====== Information provided ======

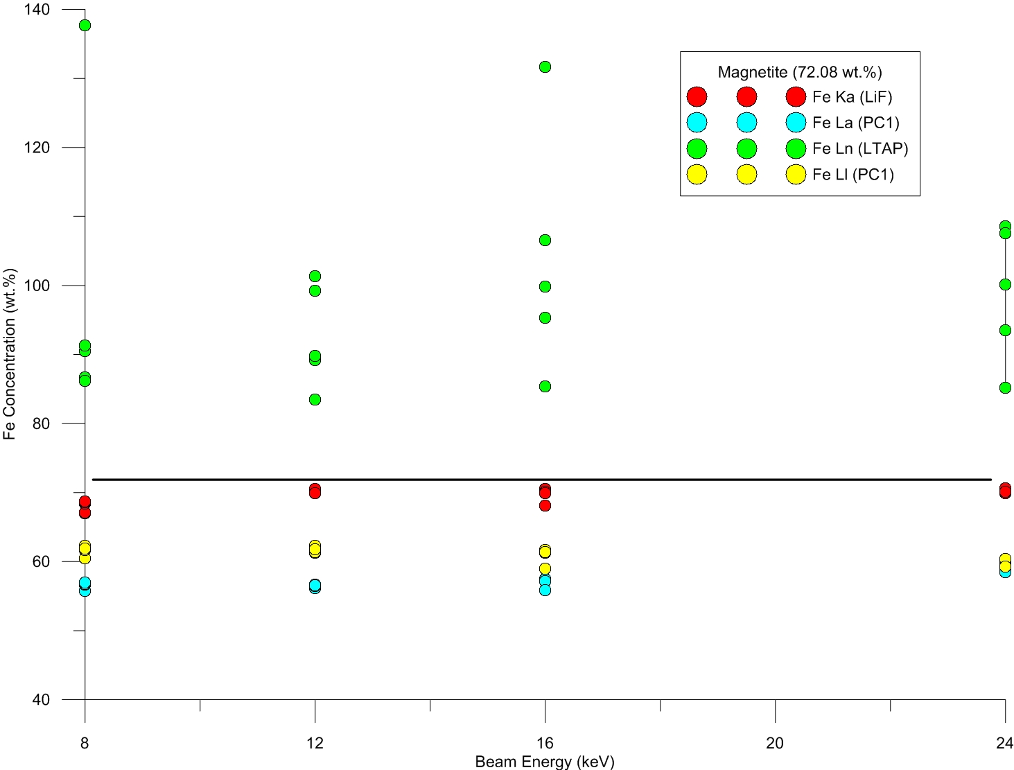 And lo and behold, there is a significant off-peak interference on the low off-peak position for magnetite (due to the tail of the oxygen peak), which at least partially explains why the magnetite quant results had larger errors. This is a nice example of why we should check our background positions in all the compositional matrices we are quantifying!
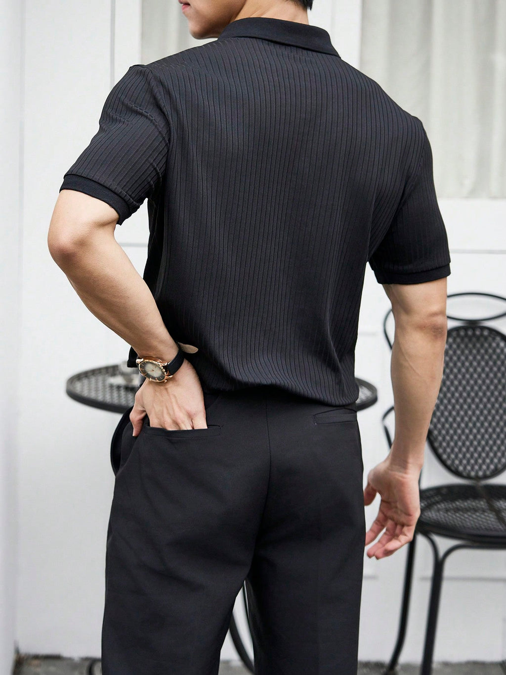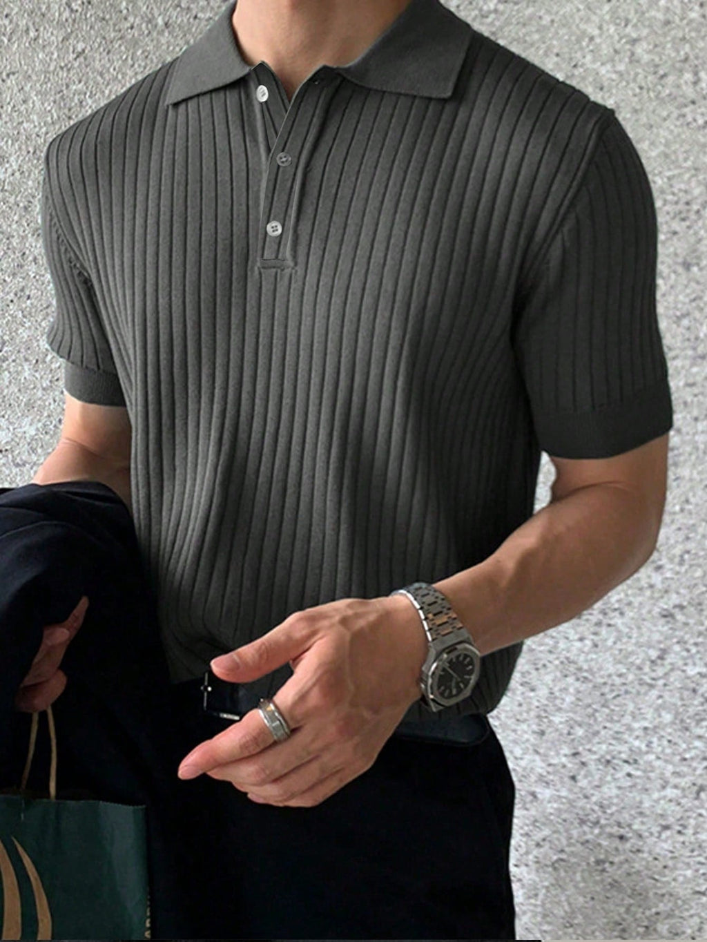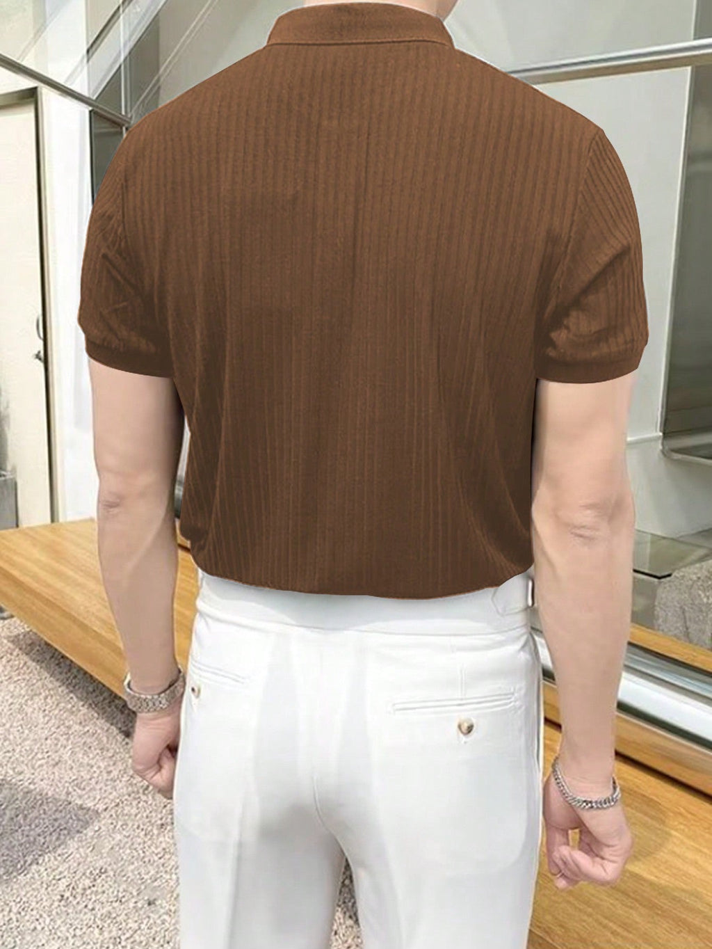 Muška rebrasta polo majica kratkih rukava
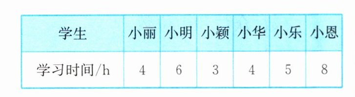 A 解析:把这组数据按由小到大的顺序排列为3,4,4,5,6,8. 因为在这组数据中,出现次数最多的数据是4,所以学习时间的众数是4 h. 因为这组数据共6个,所以第3个与第4个数据的平均数是这组数据的中位数,所以学习时间的中位数是$\frac{4 + 5}{2}=4.5(h)$.
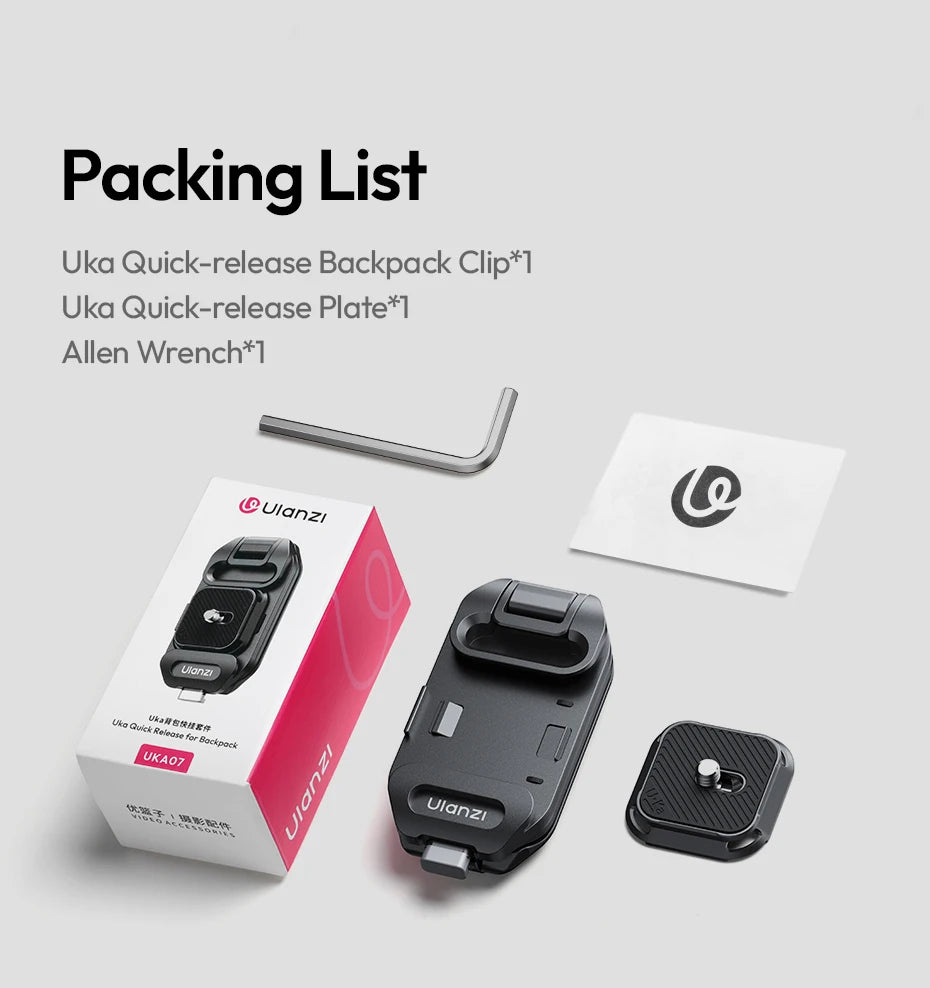 Ulanzi UKA07 Uka Quick-Release Kit for Backpack Hassle-Free Hanging 10KG Load Suit for Arca-Swiss & F38 Quick Release System

======

Exercise prompt: Reproduce every line above exactly as written, omitting the images.

Your response:
 And lo and behold, there is a significant off-peak interference on the low off-peak position for magnetite (due to the tail of the oxygen peak), which at least partially explains why the magnetite quant results had larger errors. This is a nice example of why we should check our background positions in all the compositional matrices we are quantifying!
 Muška rebrasta polo majica kratkih rukava
 A 解析:把这组数据按由小到大的顺序排列为3,4,4,5,6,8. 因为在这组数据中,出现次数最多的数据是4,所以学习时间的众数是4 h. 因为这组数据共6个,所以第3个与第4个数据的平均数是这组数据的中位数,所以学习时间的中位数是$\frac{4 + 5}{2}=4.5(h)$.
 Ulanzi UKA07 Uka Quick-Release Kit for Backpack Hassle-Free Hanging 10KG Load Suit for Arca-Swiss & F38 Quick Release System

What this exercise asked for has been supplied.